F, performance evaluation relatedCommon tools: Perf Top, perf record, gprof
Perf Record: Can be used to understand the real-time operation of the functions of the program. It uses the method of periodic sampling to count the proportions of each function. A higher ranking function, either a long time to be counted, or frequent calls are counted to many times, in either case, these functions are the devil to consume system resources, is a good object of optimization.
perf Top: Mainly used for real-time analysis of each function in a performance event on the heat, can quickly locate hot functions, including application functions,
The module function and kernel function can even locate the hotspot command. The default performance event is CPU cycles. Perl top-p PID (can be a thread's PID)
gprof: Can be used to statistics the actual time of the program's functions, through which you can accurately understand the time-consuming functions, so which functions need to optimize, it is self-evident.

integrated tools for H and all-inclusive: Sar/collectl, Dstat, view/proc/pid/xxx various information (such as/PROC/PID/FD view the file descriptor opened by this process, lsof-p pid), SYSCTL,/sys various information
The performance of the CPU can not be two kinds: 1 CPU is depleted, 2 CPU surplus idle, but the program overload. First, the CPU has been eaten up, the computational resources are gone, the program performance can not be further. The second, is also a common one, the CPU has not been eaten up, but the program is overloaded, this situation is mainly because the program is suspended waiting for some events, causing the waiting for two kinds of reasons: 1 synchronous blocking, 2 memory swap (memory is not).

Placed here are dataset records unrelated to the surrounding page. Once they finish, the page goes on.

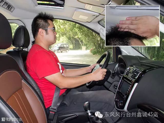 身高185cm的体验者坐到F600的前排,在无法调节座椅高度的情况下,头部有四指的空间。
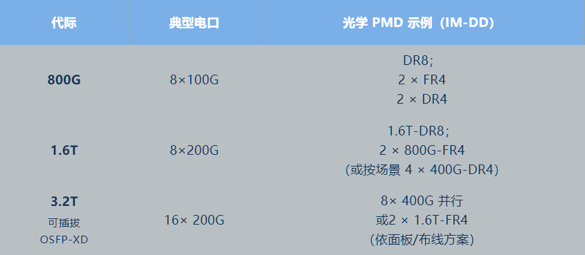 电口:200G/lane(IEEE 802.3dj, 224G PAM4),线性或重定时两种体系可选。PAM6或PAM8调制为电口速率提升到400G/lane带来了新的途径。
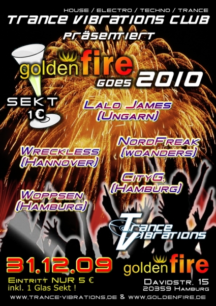 Melodisch, harmonisch und treibend feiern Trance Vibrations Club und GoldenFire zusammen ins neue Jahr.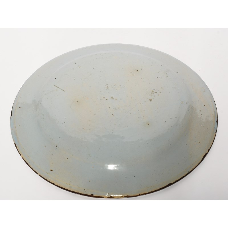 A Continental tin-glazed plate, 18th century, the well painted in polychrome enamels with a roundel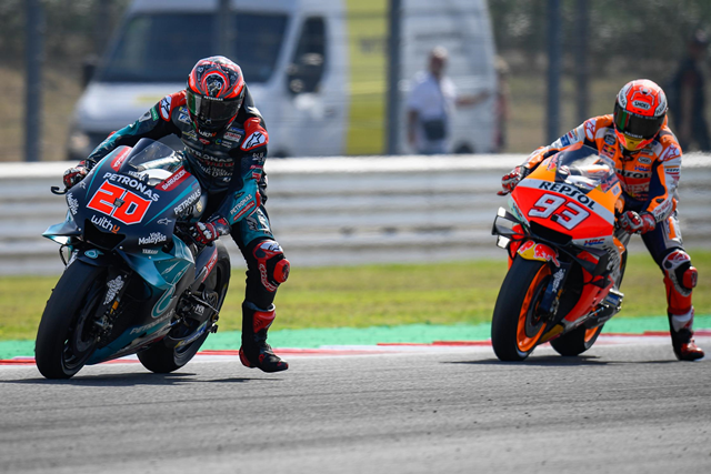 Marquez แซง Quartararo บริเวณทางตรง และป้องกันไม่ให้ Quartararo มีโอกาสแซงคืนได้ ในช่วงท้าย Quartararo พยายามจะแซงจนเกือบจะสัมผัสกับล้อหลังของ Marquez จนต้องเสียจังหวะ ปล่อยให้ Marquez เป็นผู้ชนะไปในที่สุด หลังเกมการแข่งขัน Quartararo คงต้องรู้สึกผิดหวังอย่างมากทั้งที่เป็นผู้นำมาเกือบตลอดทั้งเกม แต่สุดท้ายต้องพลาดคว้าแชมป์แรกใน MotoGP ไป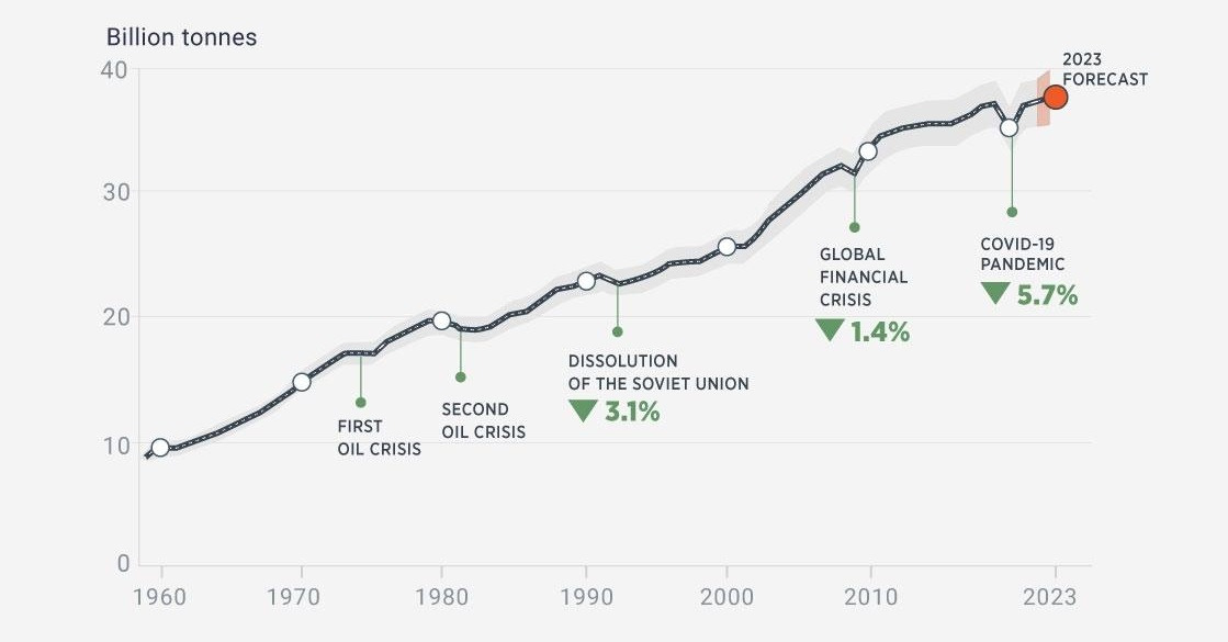 전 세계 화석연료 기반 이산화탄소 배출량 (출처: Global Carbon Project)

The following example sar-u (pictured below) belongs to the second scenario: the CPU idle surplus, but the program is overloaded. According to the diagram, idle surplus at the same time, basically no iowait, this shows that the program is not blocking the IO aspect (also from the side of the proof is not swap caused by blocking), then the biggest suspicion of blocking is the mutex lock.




Reference: Https://github.com/brendangregg/perf-tools
Http://crtags.blogspot.com/2012/04/dtrace-ftrace-ltrace-strace-so-many-to.html
https://danielmiessler.com/study/tcpdump/
Http://ufsdump.org/papers/oscon2009-linux-monitoring.pdf



Contact Us

The content source of this page is from Internet, which doesn't represent Alibaba Cloud's opinion; products and services mentioned on that page don't have any relationship with Alibaba Cloud. If the content of the page makes you feel confusing, please write us an email, we will handle the problem within 5 days after receiving your email.

If you find any instances of plagiarism from the community, please send an email to: info-contact@alibabacloud.com and provide relevant evidence. A staff member will contact you within 5 working days.

A Free Trial That Lets You Build Big!

Start building with 50+ products and up to 12 months usage for Elastic Compute Service

  • Sales Support

    1 on 1 presale consultation

  • After-Sales Support

    24/7 Technical Support 6 Free Tickets per Quarter Faster Response

  • Alibaba Cloud offers highly flexible support services tailored to meet your exact needs.